What we could do, is extract the principal components of the data (A PCA, basically) and project the points on the main component.


In [35]:
pca = PCA(n_components=2)
# Creates pairs of ranks for each university
ranks = np.array([df_all[['Rank times']].values.flatten(), df_all[['Rank topuni']].values.flatten()]).T
# Tells the PCA what the data is and then get the data in its new basis
ranks_new_basis = pca.fit(ranks).transform(ranks)
# Get the ratio of importance for each component
pca_score = pca.explained_variance_ratio_
# Get the components
V = pca.components_
# Multiplies the components by their ratio of importance compared to the least important component
ranks_pca_axis_x, ranks_pca_axis_y = V.T * pca_score / pca_score.min()

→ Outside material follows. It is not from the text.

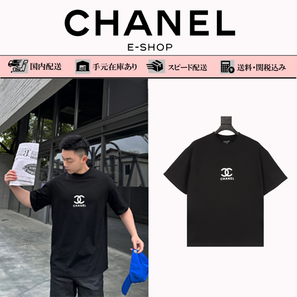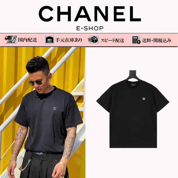 CHANEL /シャネル胸にテープを押してLOGOプリントラウンドネック半袖

We then plotted the different Universities according to their respective ranking and showed the first two main component of the data (green and red).


In [36]:
starting_point = (100, 100)

fig = plt.figure(figsize=(10, 10))
ax = fig.add_subplot(111)
plt.title('Universities ranking')
plt.plot(df_all[['Rank times']].values.flatten(), df_all[['Rank topuni']].values.flatten(), '.')
plt.plot([starting_point[0], starting_point[0] + ranks_pca_axis_x[0]*20], [starting_point[1], starting_point[1] + ranks_pca_axis_y[0]*20], label='Main component')
plt.plot([starting_point[0], starting_point[0] + ranks_pca_axis_x[1]*20], [starting_point[1], starting_point[1] + ranks_pca_axis_y[1]*20], label='Second component')
plt.xlabel('Ranking according to Times')
plt.ylabel('Ranking according to Topuni')
plt.legend()
plt.show()


Once we have the principle component, we can use it to transform our data and change its basis from (rank times, rank topuni) to (main component, second component)


In [37]:
fig = plt.figure(figsize=(10, 10))
ax = fig.add_subplot(111)
plt.scatter(ranks_new_basis.T[0], ranks_new_basis.T[1])

# Creates main component arrow
plt.plot([-125, 150], [0, 0], c='g', label='Main component')
plt.plot([140, 150], [4, 0], c='g')
plt.plot([140, 150], [-4, 0], c='g')

plt.xlabel('Main component')
plt.ylabel('Second component')
plt.title('Universities ranking in new basis')
plt.legend()
plt.show()


To get a final ranking system, we simply project the points on the main component axis and rate them depending on how far left they are. The more on the left, the better the rank.


In [38]:
# Keep only main component value of data
ranks_pca1 = ranks_new_basis.T[0]
# Get indices of sorted data
temp = ranks_pca1.argsort()
# Creates new array and then aranges values depending on indices of sorted data
new_ranks = np.empty(len(ranks_pca1), int)
new_ranks[temp] = np.arange(len(ranks_pca1))

We now add this new rank in the DataFrame and show the 20 first universities in our new ranking system.


In [39]:
df_all['Rank total'] = new_ranks + 1

Best university according to both ranking :


In [40]:
print("Best university according to PCA is : " + df_all.sort_values(by='Rank total').iloc[0].name)


Best university according to PCA is : Stanford University

As we can see with both the basic and alternative method Stanford University is the best according to both ranking. Which is not surpising considering its excellent reputation.